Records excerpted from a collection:
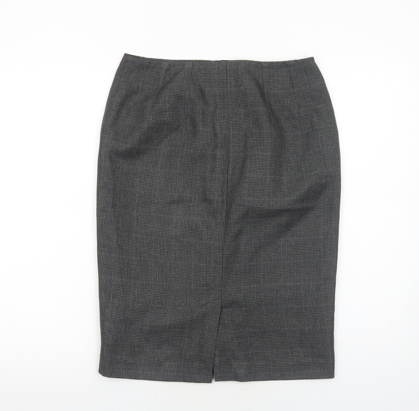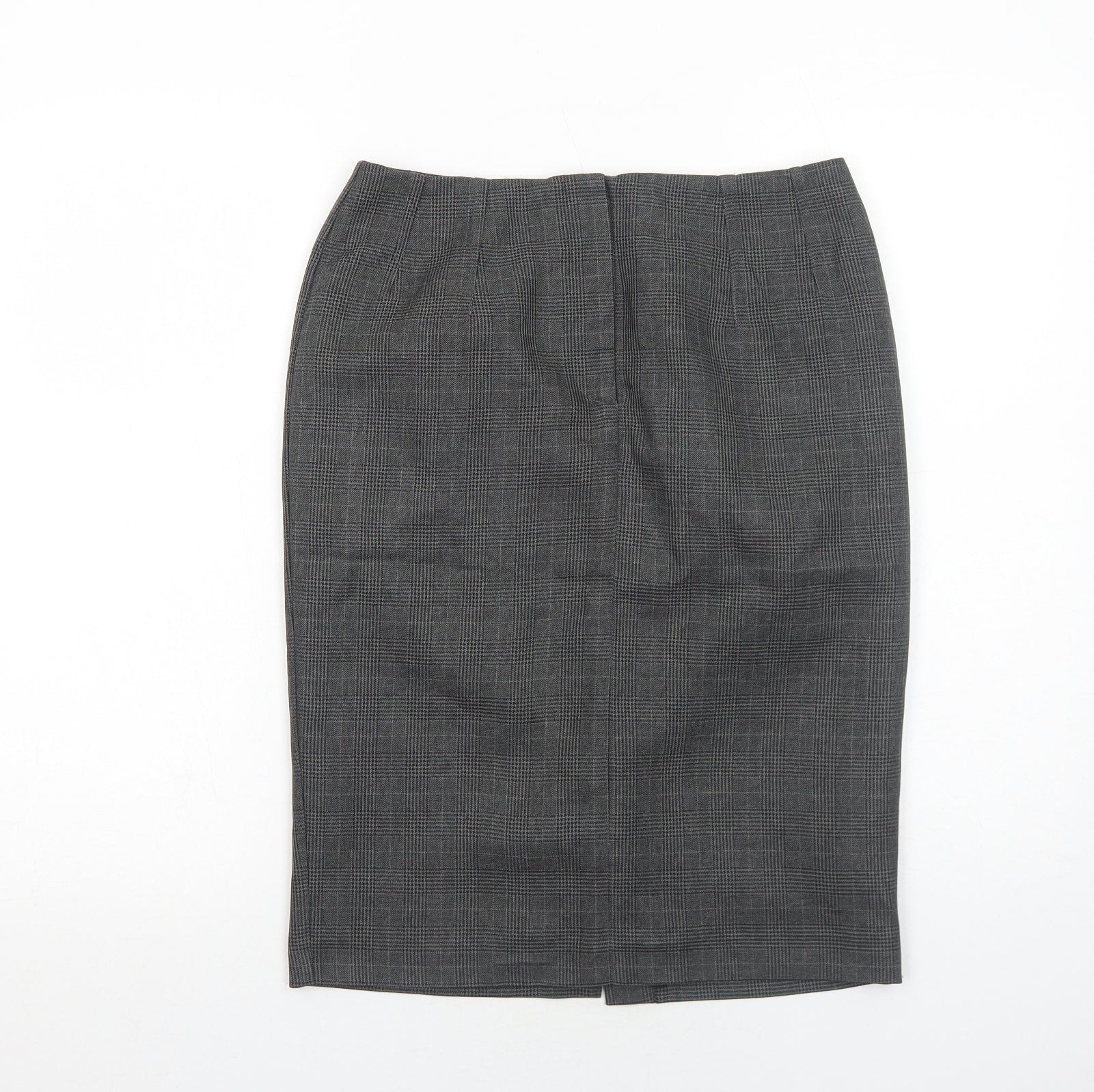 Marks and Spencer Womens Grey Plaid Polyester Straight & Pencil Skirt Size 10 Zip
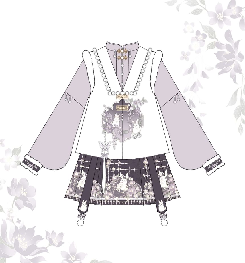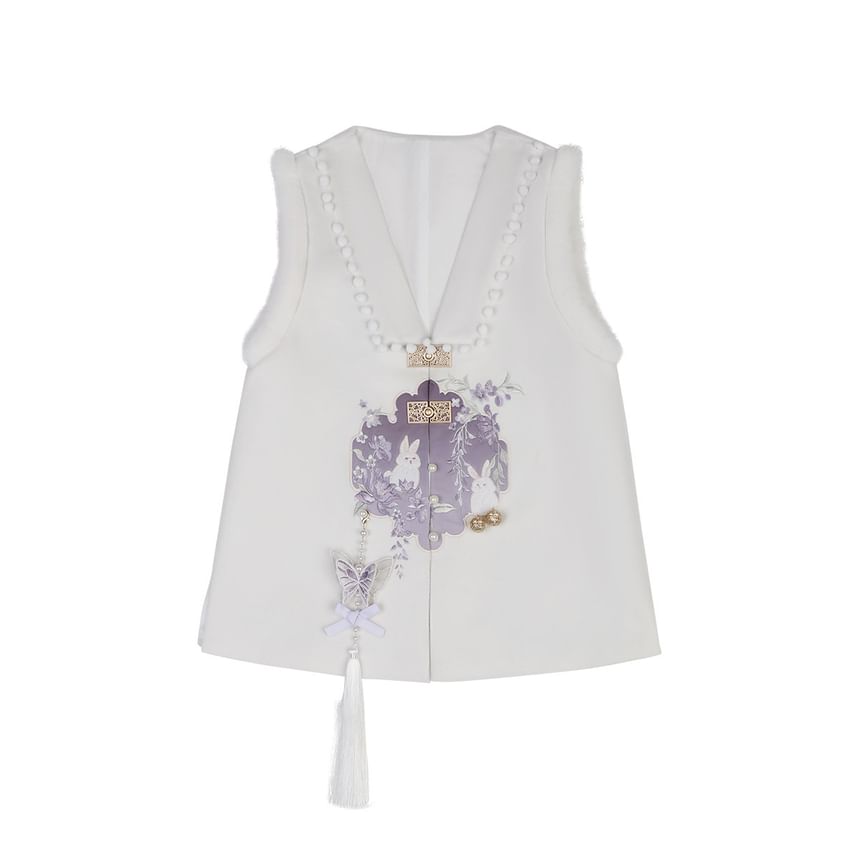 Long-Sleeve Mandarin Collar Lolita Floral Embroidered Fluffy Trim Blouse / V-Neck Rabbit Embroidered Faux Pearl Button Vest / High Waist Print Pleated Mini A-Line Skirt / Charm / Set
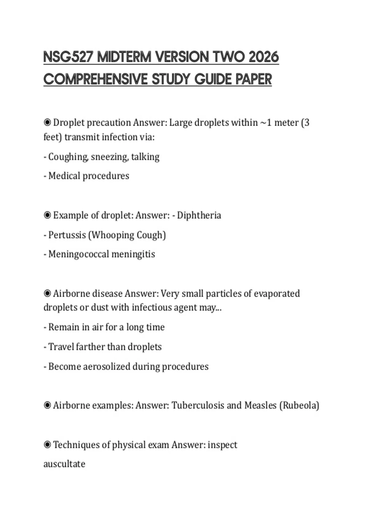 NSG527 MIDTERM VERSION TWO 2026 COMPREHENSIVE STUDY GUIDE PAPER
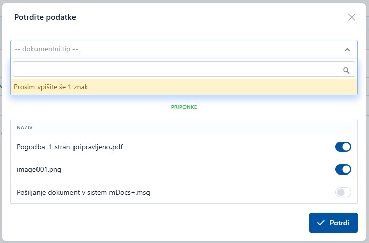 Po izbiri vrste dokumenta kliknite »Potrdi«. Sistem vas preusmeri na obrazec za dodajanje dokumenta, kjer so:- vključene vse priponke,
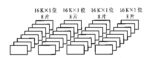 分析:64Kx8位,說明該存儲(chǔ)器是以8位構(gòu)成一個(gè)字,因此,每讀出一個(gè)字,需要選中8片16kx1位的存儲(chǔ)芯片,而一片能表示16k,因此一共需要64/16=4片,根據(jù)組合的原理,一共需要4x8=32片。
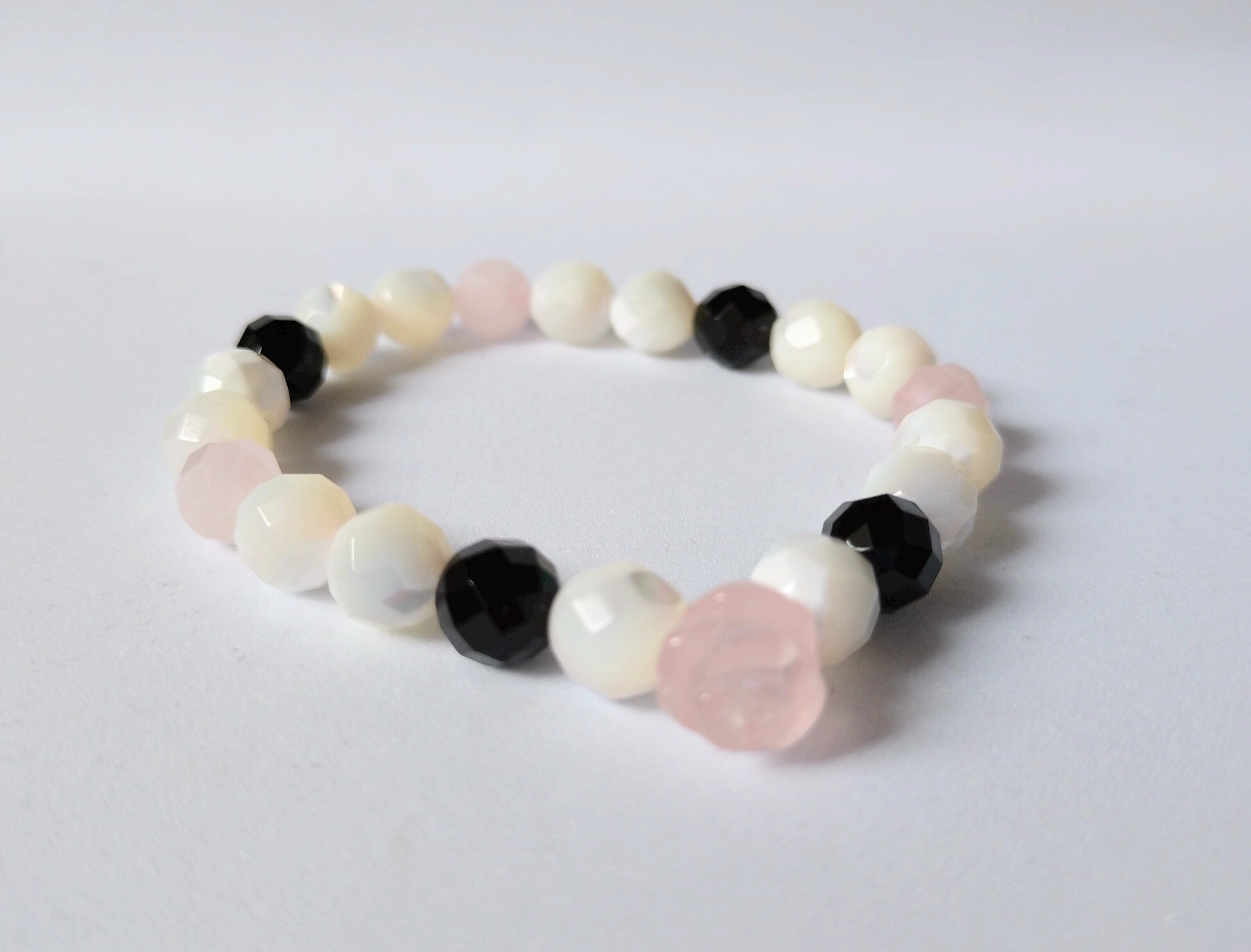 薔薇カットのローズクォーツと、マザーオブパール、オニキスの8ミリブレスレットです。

» WHAT YOU ARE ASKED TO DO
Begin with the first line of the records and repeat every line up to the one with "Po izbiri vrste", counting that line too. Pictures are not part of the copy.

» RESPONSE BOX
 Marks and Spencer Womens Grey Plaid Polyester Straight & Pencil Skirt Size 10 Zip
 Long-Sleeve Mandarin Collar Lolita Floral Embroidered Fluffy Trim Blouse / V-Neck Rabbit Embroidered Faux Pearl Button Vest / High Waist Print Pleated Mini A-Line Skirt / Charm / Set
 NSG527 MIDTERM VERSION TWO 2026 COMPREHENSIVE STUDY GUIDE PAPER
 Po izbiri vrste dokumenta kliknite »Potrdi«. Sistem vas preusmeri na obrazec za dodajanje dokumenta, kjer so:- vključene vse priponke,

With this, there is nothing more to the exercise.